- **Source material**:

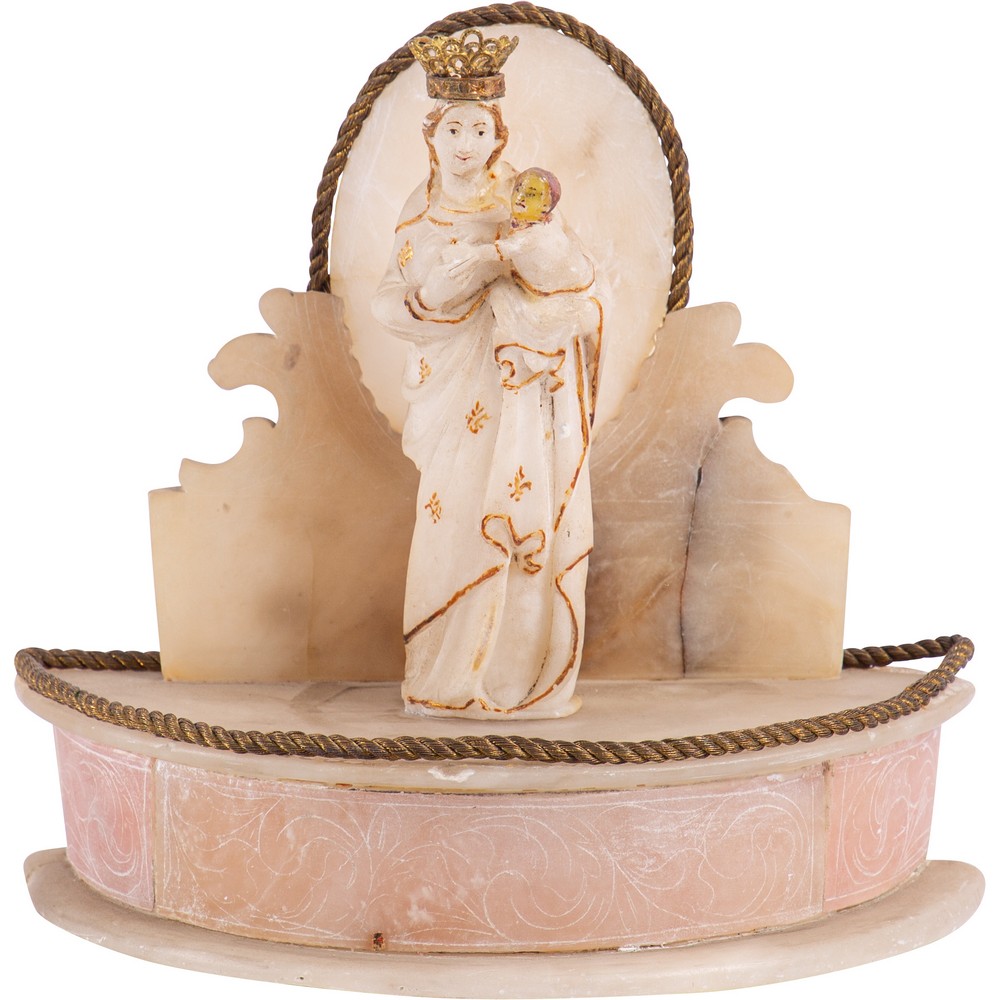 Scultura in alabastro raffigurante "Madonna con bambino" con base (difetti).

---

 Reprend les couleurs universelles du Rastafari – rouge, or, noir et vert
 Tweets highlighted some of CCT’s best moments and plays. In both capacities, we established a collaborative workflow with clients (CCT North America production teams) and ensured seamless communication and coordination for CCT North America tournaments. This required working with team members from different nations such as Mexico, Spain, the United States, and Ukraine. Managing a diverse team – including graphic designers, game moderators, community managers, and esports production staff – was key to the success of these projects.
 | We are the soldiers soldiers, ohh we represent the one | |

...

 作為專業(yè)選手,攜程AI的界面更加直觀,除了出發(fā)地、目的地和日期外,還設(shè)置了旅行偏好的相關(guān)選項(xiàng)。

- **Task description**:
Transcribe the lines above between the line holding "Tweets highlighted some" and the line holding "the one | |", inclusive, exactly as they stand and with nothing added.

- **Answer below**:
 Tweets highlighted some of CCT’s best moments and plays. In both capacities, we established a collaborative workflow with clients (CCT North America production teams) and ensured seamless communication and coordination for CCT North America tournaments. This required working with team members from different nations such as Mexico, Spain, the United States, and Ukraine. Managing a diverse team – including graphic designers, game moderators, community managers, and esports production staff – was key to the success of these projects.
 | We are the soldiers soldiers, ohh we represent the one | |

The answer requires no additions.